■ INPUT RECORDS:
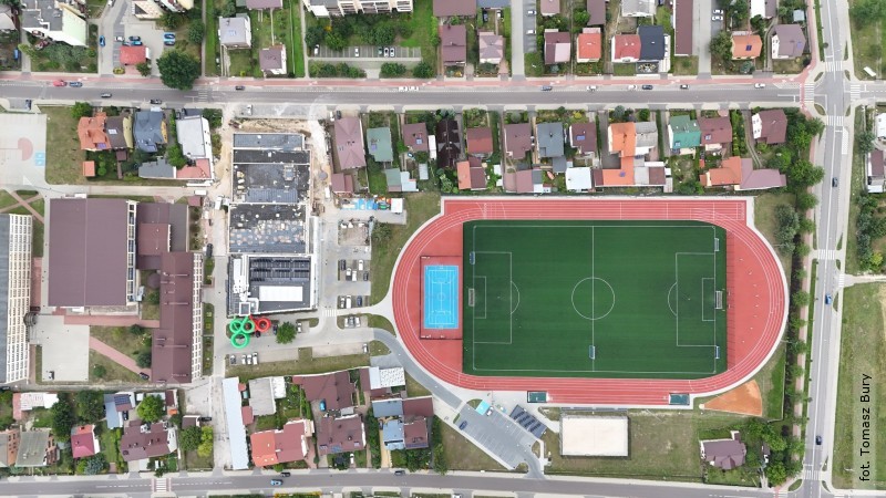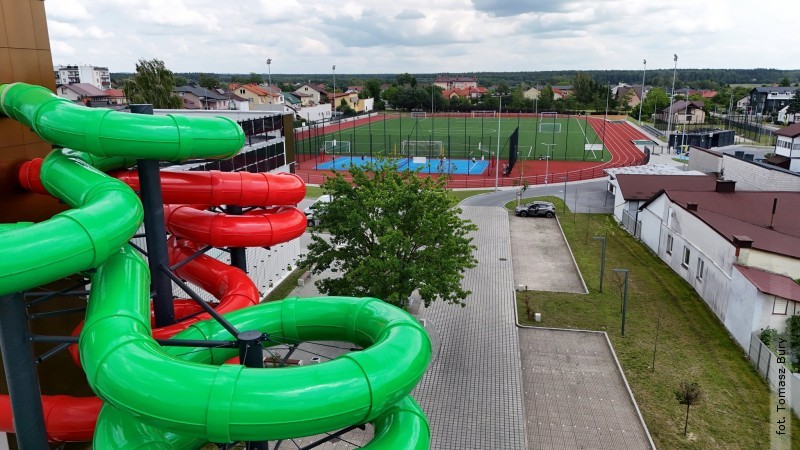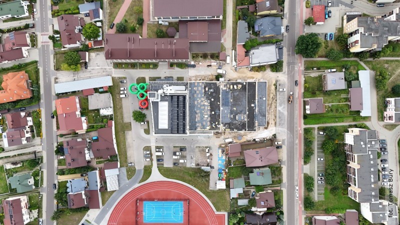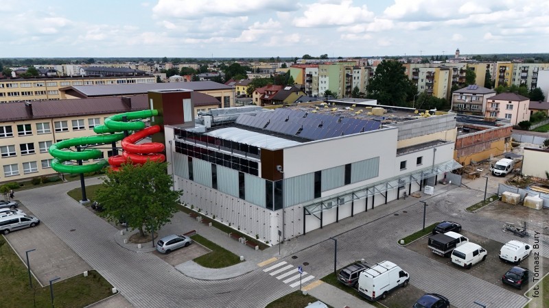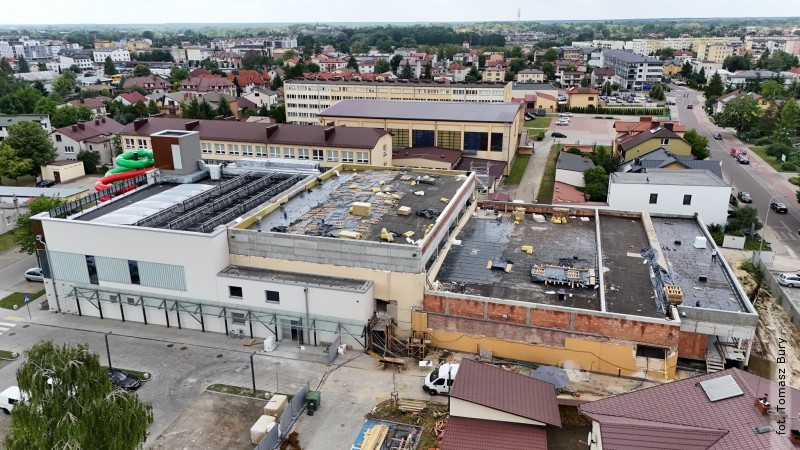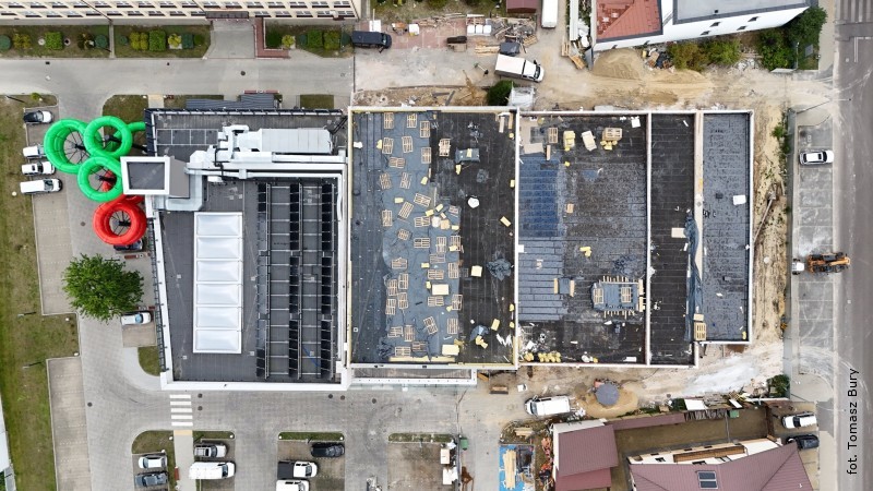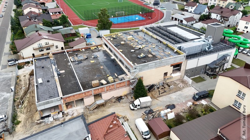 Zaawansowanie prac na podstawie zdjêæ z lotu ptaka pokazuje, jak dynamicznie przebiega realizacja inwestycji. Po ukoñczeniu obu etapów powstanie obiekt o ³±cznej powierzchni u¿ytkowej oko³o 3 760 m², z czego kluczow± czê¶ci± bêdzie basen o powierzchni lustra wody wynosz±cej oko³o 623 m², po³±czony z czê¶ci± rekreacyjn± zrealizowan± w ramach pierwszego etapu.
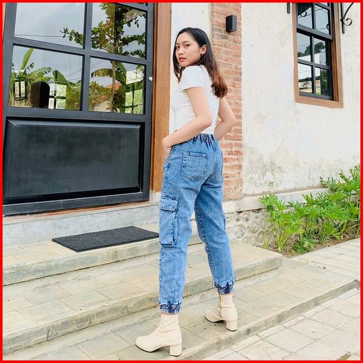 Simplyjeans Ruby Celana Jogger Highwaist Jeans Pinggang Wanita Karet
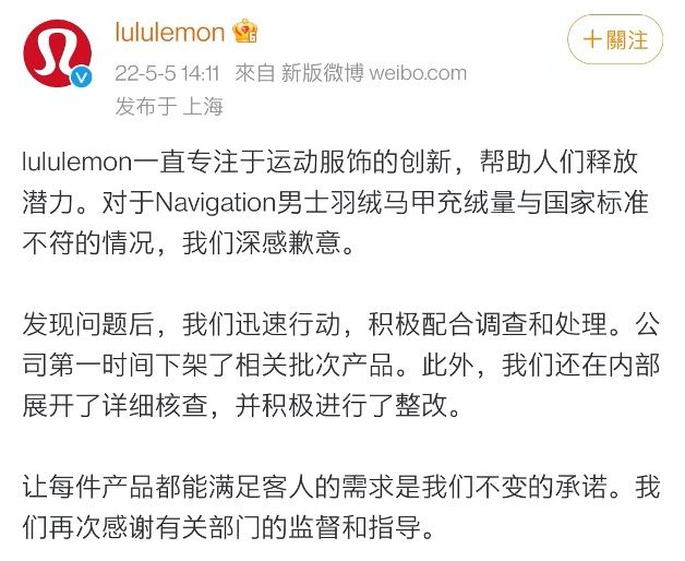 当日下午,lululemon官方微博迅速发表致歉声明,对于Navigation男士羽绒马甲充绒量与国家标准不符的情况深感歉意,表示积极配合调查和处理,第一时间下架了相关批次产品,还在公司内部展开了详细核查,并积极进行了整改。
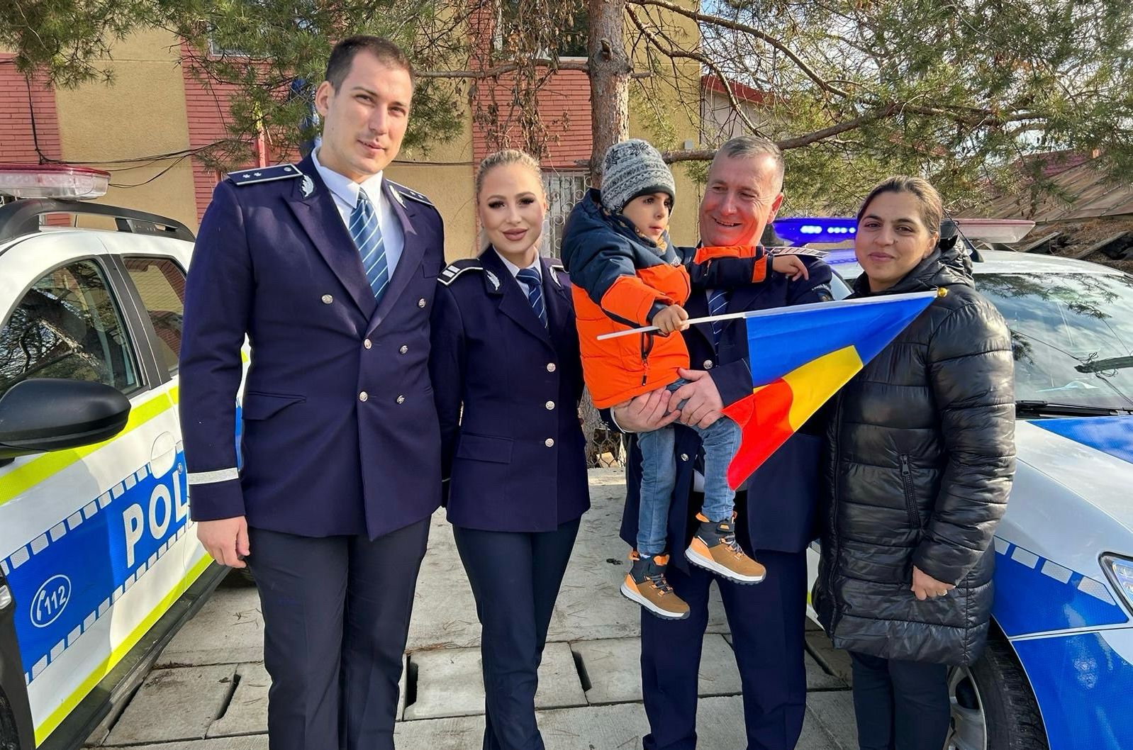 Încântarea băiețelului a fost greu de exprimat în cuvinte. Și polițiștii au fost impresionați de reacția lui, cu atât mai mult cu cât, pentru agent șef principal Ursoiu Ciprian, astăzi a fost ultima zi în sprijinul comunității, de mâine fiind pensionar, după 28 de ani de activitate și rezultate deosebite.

---

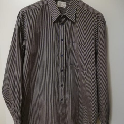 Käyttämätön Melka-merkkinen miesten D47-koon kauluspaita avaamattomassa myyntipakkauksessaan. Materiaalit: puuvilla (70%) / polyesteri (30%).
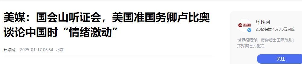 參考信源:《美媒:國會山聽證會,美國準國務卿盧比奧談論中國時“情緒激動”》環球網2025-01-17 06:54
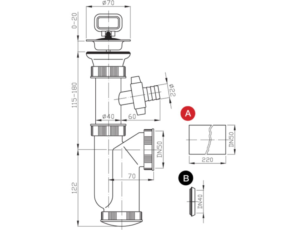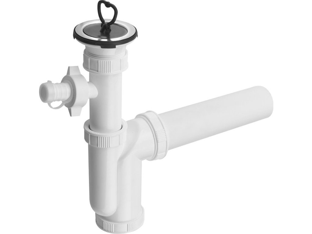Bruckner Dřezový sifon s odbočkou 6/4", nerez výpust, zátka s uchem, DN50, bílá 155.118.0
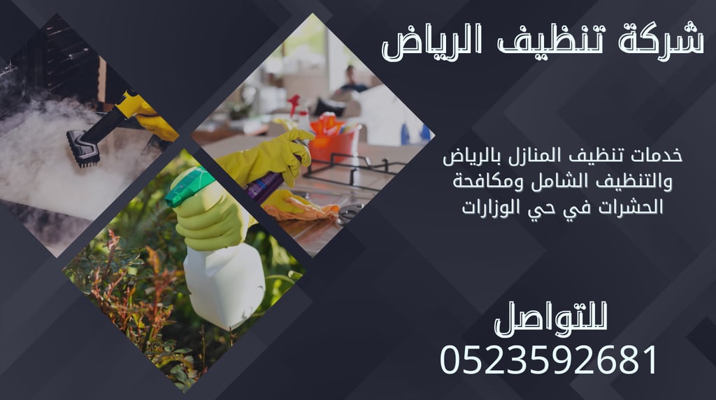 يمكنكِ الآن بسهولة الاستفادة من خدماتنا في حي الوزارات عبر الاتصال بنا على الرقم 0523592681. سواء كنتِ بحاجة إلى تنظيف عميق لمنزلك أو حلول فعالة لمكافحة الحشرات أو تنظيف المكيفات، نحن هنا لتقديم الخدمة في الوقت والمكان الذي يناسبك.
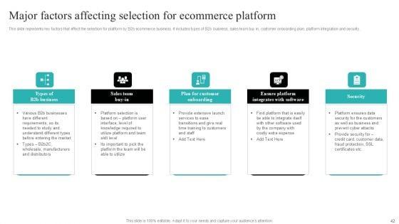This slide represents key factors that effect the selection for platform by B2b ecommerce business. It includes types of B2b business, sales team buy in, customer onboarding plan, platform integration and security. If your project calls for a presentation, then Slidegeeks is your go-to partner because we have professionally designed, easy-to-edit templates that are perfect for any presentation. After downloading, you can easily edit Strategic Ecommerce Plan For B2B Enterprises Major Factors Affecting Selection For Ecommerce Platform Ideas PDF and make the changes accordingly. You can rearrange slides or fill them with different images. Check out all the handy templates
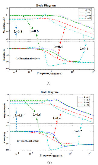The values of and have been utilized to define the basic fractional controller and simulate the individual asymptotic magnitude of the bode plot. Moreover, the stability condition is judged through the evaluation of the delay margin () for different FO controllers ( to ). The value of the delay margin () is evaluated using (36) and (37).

■ ASSIGNMENT:
Give again the stretch of lines above from the one with "Zaawansowanie prac na" through the one with "当日下午,lululemon", both ends kept, and copy no pictures.

■ REPLY:
 Zaawansowanie prac na podstawie zdjêæ z lotu ptaka pokazuje, jak dynamicznie przebiega realizacja inwestycji. Po ukoñczeniu obu etapów powstanie obiekt o ³±cznej powierzchni u¿ytkowej oko³o 3 760 m², z czego kluczow± czê¶ci± bêdzie basen o powierzchni lustra wody wynosz±cej oko³o 623 m², po³±czony z czê¶ci± rekreacyjn± zrealizowan± w ramach pierwszego etapu.
 Simplyjeans Ruby Celana Jogger Highwaist Jeans Pinggang Wanita Karet
 当日下午,lululemon官方微博迅速发表致歉声明,对于Navigation男士羽绒马甲充绒量与国家标准不符的情况深感歉意,表示积极配合调查和处理,第一时间下架了相关批次产品,还在公司内部展开了详细核查,并积极进行了整改。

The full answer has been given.